At the bottom of the cell we put these arrays into a Pandas `DataFrame` with the corresponding column headings.

In [None]:
# Seed the random-number generator
np.random.seed(random_seed)

#Training Data
X1 = np.random.rand(10)
X2 = np.random.rand(10)
y = np.sin(X1*2.*np.pi) + np.random.normal(0, 0.05, 10)

train_data = pd.DataFrame({'X1': X1, 'X2': X2, 'y': y})
display(train_data)

tl.upload_dataset(train_data, dataset_id, verbose=True)
tl.list_datasets(verbose=True)
tl.query_dataset(dataset_id, verbose=True)

In this cell we set the parameters to be used for training the machine-learning model. By default, all the data is used in training the model and a Gaussian process is trained. We need to provide the id of the dataset on the `twinLab` cloud and the columns of this that should be taken as inputs `X` and outputs `y`.

In [None]:
#defines parameters for our prediction
prediction_params = {
    "filename": dataset_id,
    "inputs" : ["X1", "X2"],
    "outputs": ["y"],
    "test_train_ratio": 1.,
}

tl.train_campaign(prediction_params, campaign_id, verbose=True)
tl.list_campaigns(verbose=True)
tl.query_campaign(campaign_id, verbose=True)

Now we create values for the model to predict outputs for.
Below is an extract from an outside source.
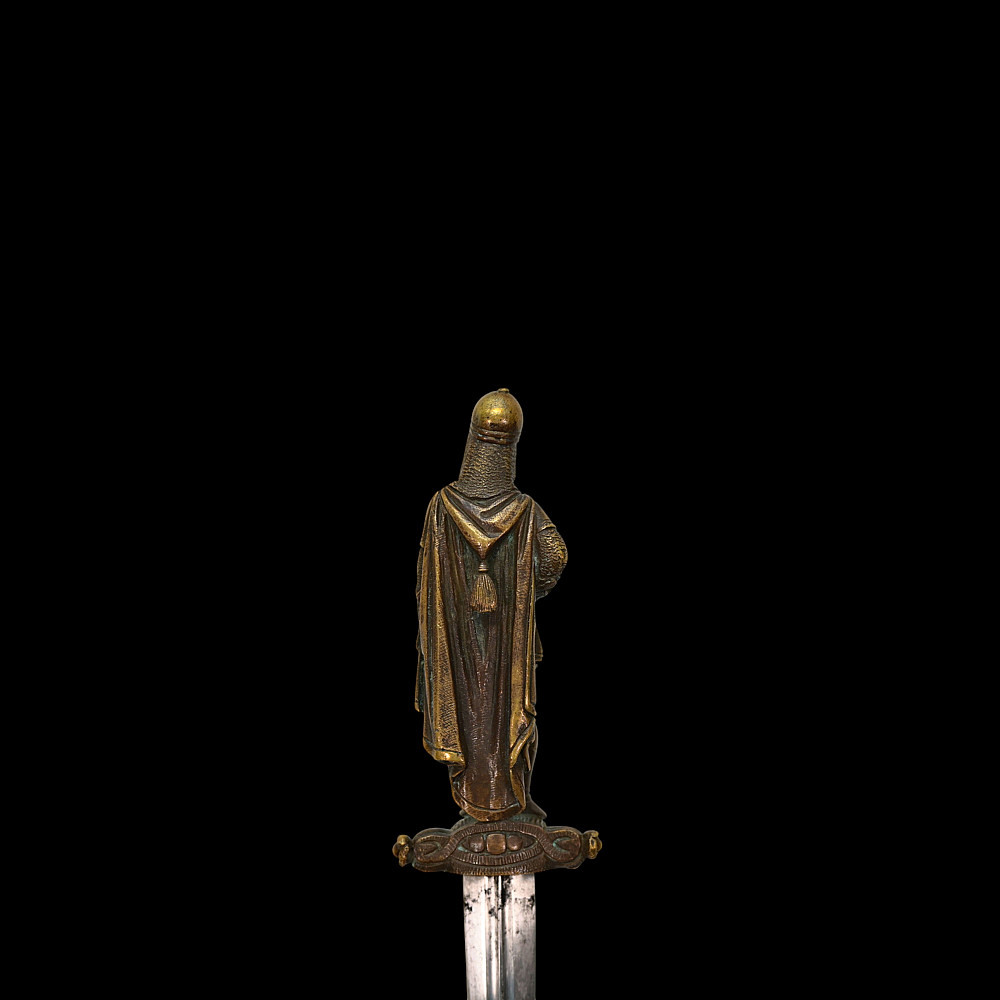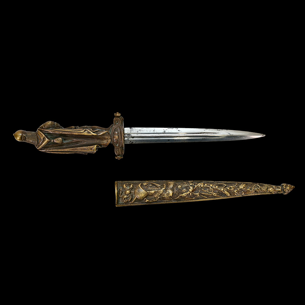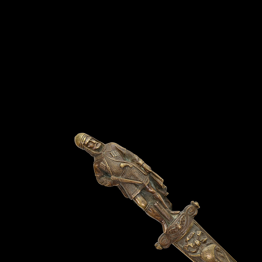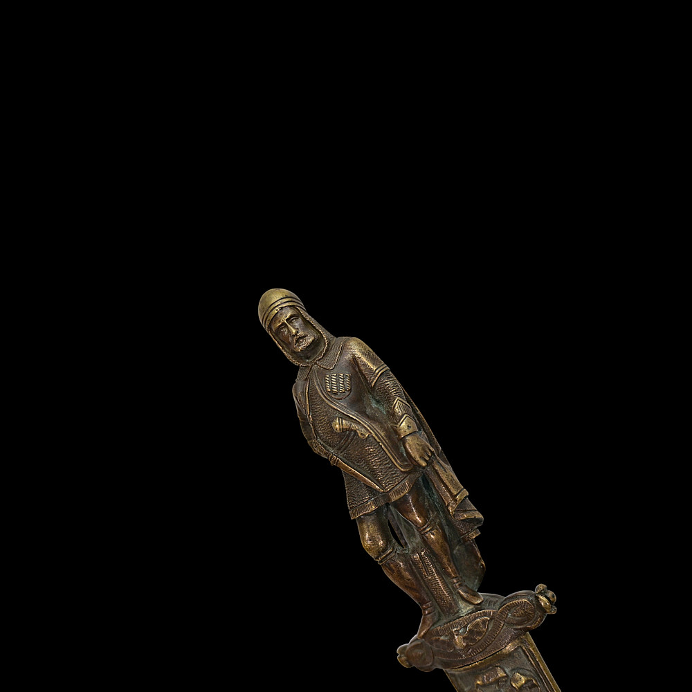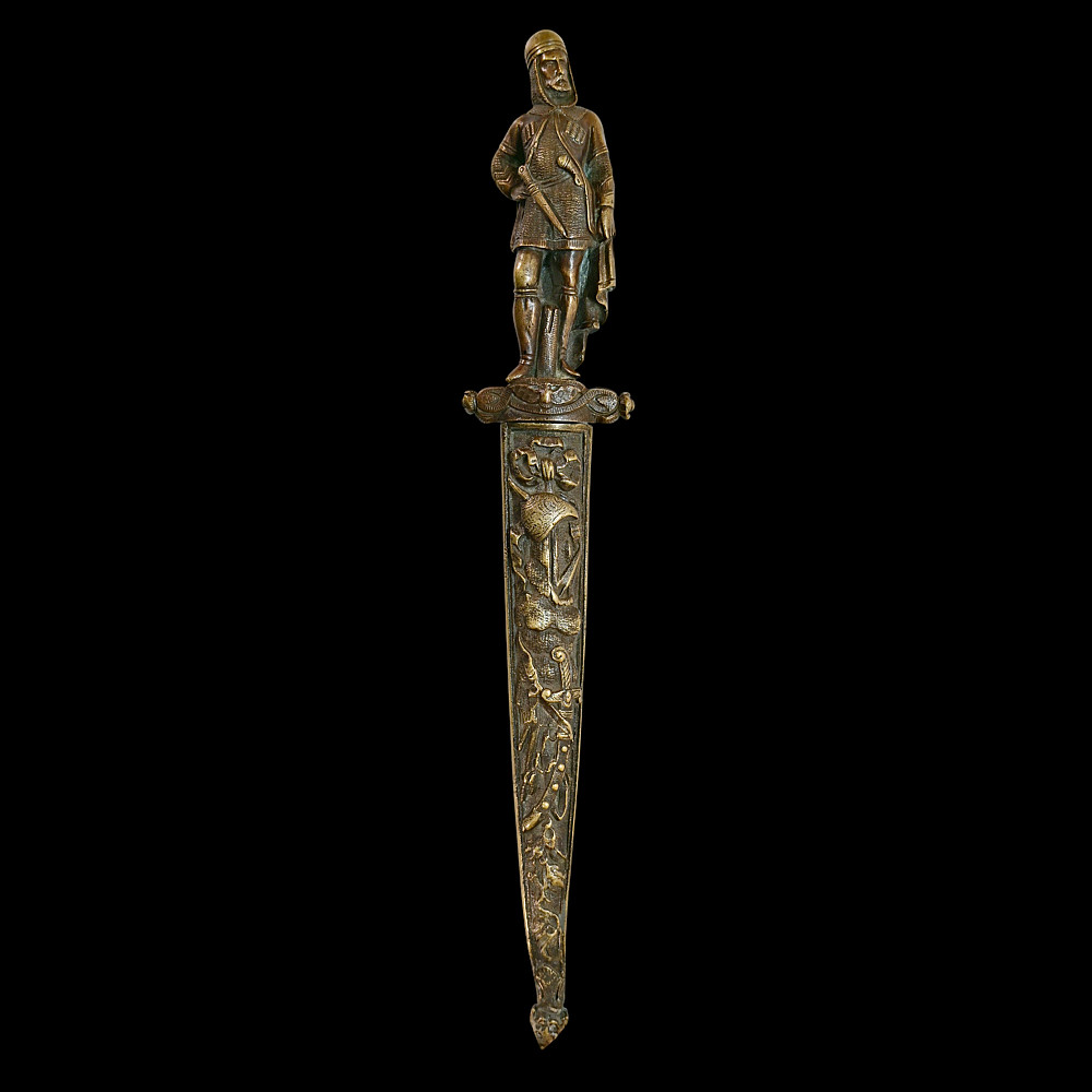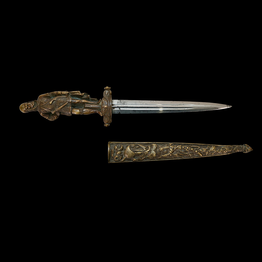 French Dagger with Bronze Figure of Caucasian Knight, 19th Century. An ornate French dagger from the 19th century, distinguished by its finely cast bronze hilt in the form of a knight wearing a helmet and chain mail, standing in full armor. The knight’s pose evokes the chivalric romanticism of the late 19th century, when Neo-Gothic and historic revival styles were in vogue across Europe. The bronze scabbard is richly decorated in high relief with armorial motifs, helmets, and trophies of arms, reflecting the artistry and symbolism of the period. The double-edged steel blade remains well-preserved, displaying a bright surface with light patina. A beautiful and collectible example of 19th-century French decorative weaponry, combining craftsmanship, historical imagination, and the enduring appeal of medieval legend. Condition: very good, with attractive patina and minor signs of age. Length: approx. 27 cm.

Both $X_1$ and $X_2$ are 101 linearly-spaced numbers between 0 and 1.

We now create a `pandas` `DataFrame` with data to be used for model evaluation/prediction.

In [None]:
input_dict = {
    "X1": np.linspace(0, 1, 101),
    "X2": np.linspace(0, 1, 101),
}
prediction_inputs = pd.DataFrame(input_dict)
display(prediction_inputs)

df_mean, df_std = tl.predict_campaign(prediction_inputs, campaign_id)

Now we first plot on a graph the $X_1$ against $y$, then $X_2$ against $y$. 
- The black dots on the graph are the training data we gave it. 
- The darkest blue line in the graph is the `df_mean` value.
- The blue sections either side represent the range of uncertainty in the `df_mean` value.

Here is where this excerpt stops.